• [Problem statement]: The lines in the listing below are to be given again exactly, starting at the line holding "最終戦では「捌き」と「交代コ" and ending at the line holding "さっと履ける足入れしやすい履". Do not include pictures.

• [Task material]:
+++++

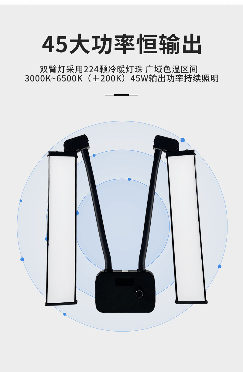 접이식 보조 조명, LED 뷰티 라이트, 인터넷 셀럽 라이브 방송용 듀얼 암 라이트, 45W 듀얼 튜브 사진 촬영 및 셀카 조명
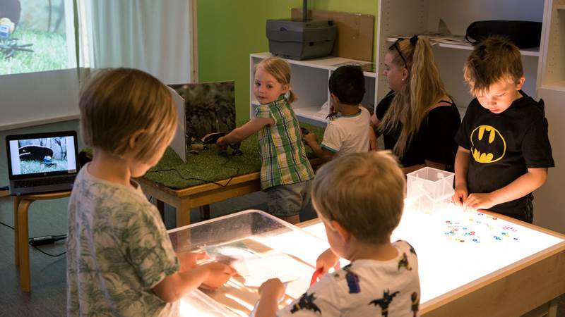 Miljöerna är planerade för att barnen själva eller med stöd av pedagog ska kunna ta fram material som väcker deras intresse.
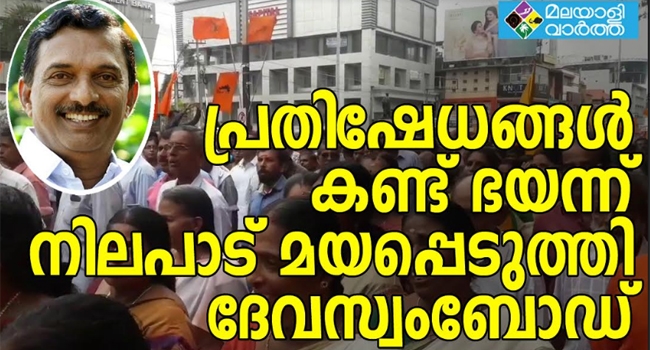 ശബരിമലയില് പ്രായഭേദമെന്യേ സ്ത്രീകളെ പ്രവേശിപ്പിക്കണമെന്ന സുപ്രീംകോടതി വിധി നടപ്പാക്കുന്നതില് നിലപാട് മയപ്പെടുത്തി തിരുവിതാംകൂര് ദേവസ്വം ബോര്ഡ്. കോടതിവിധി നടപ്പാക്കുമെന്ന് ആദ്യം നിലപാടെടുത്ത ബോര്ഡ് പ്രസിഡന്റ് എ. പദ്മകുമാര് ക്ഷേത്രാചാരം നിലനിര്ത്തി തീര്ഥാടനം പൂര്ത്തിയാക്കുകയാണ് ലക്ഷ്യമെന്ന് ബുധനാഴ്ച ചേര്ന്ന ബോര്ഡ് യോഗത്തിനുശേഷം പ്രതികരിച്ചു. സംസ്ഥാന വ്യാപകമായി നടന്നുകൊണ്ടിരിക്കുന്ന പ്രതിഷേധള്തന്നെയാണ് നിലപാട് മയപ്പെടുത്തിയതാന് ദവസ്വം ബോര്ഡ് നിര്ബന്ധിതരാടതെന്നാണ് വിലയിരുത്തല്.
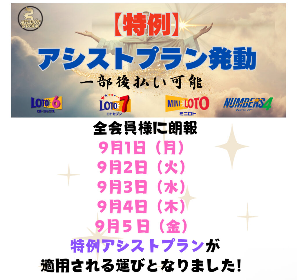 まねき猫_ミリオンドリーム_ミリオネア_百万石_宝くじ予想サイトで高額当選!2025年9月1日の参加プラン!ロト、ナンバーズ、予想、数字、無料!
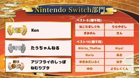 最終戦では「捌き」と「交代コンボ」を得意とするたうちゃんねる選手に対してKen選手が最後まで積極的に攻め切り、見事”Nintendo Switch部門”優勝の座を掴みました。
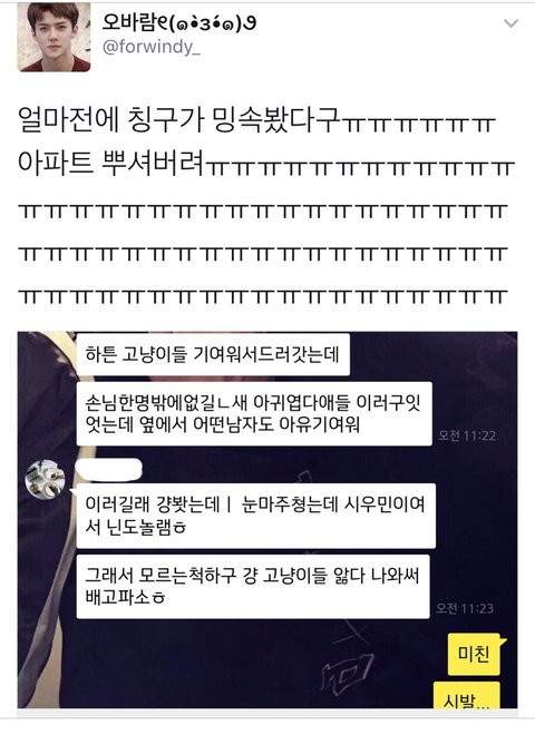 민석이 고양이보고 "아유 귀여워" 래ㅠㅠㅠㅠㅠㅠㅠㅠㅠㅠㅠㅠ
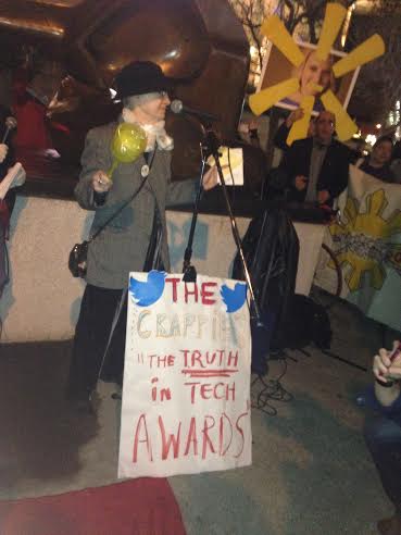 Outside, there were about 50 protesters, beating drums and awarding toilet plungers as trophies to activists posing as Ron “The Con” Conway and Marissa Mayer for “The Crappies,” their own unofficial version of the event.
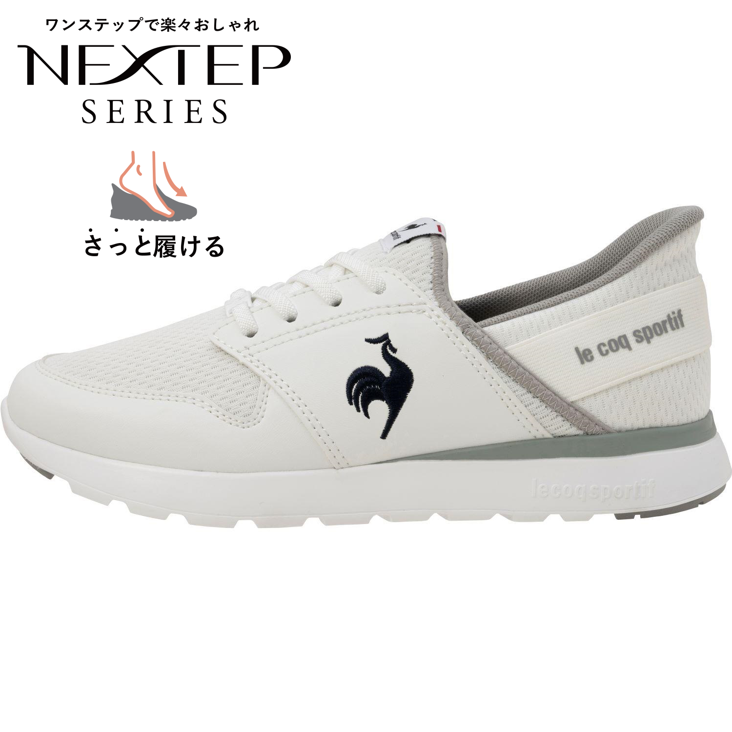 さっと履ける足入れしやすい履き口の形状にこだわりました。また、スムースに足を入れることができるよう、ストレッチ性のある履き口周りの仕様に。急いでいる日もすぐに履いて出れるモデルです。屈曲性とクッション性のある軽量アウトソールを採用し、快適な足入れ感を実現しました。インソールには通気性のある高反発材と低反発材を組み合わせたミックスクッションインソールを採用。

+++++

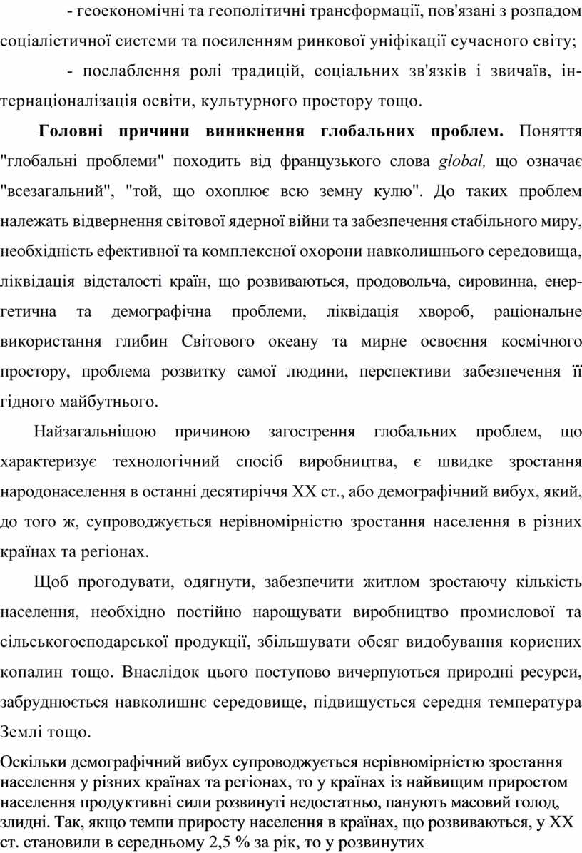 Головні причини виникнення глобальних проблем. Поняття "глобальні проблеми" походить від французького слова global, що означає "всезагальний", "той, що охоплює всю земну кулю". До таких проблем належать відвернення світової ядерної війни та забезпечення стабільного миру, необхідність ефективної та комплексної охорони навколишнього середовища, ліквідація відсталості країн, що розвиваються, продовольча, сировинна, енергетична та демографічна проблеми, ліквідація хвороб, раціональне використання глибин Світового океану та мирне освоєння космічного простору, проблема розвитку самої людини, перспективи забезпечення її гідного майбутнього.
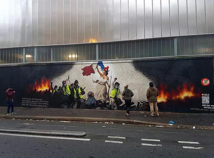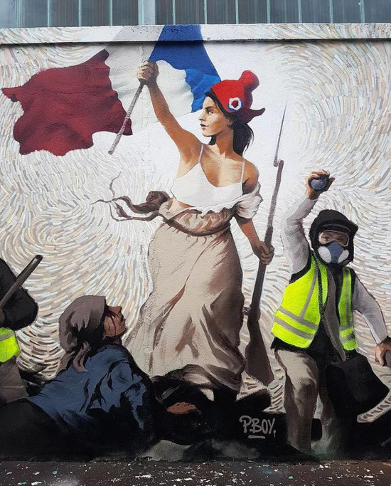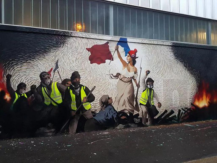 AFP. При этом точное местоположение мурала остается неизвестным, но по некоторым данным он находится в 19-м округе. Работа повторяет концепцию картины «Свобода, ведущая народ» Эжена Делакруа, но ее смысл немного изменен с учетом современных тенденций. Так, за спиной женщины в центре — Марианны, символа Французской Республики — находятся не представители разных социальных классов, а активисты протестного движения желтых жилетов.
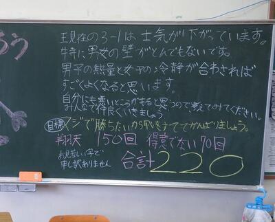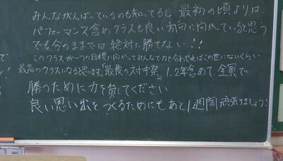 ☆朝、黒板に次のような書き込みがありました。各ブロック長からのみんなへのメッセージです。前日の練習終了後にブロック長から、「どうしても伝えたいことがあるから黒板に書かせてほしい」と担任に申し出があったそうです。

+++++

• [Response]:
 最終戦では「捌き」と「交代コンボ」を得意とするたうちゃんねる選手に対してKen選手が最後まで積極的に攻め切り、見事”Nintendo Switch部門”優勝の座を掴みました。
 민석이 고양이보고 "아유 귀여워" 래ㅠㅠㅠㅠㅠㅠㅠㅠㅠㅠㅠㅠ
 Outside, there were about 50 protesters, beating drums and awarding toilet plungers as trophies to activists posing as Ron “The Con” Conway and Marissa Mayer for “The Crappies,” their own unofficial version of the event.
 さっと履ける足入れしやすい履き口の形状にこだわりました。また、スムースに足を入れることができるよう、ストレッチ性のある履き口周りの仕様に。急いでいる日もすぐに履いて出れるモデルです。屈曲性とクッション性のある軽量アウトソールを採用し、快適な足入れ感を実現しました。インソールには通気性のある高反発材と低反発材を組み合わせたミックスクッションインソールを採用。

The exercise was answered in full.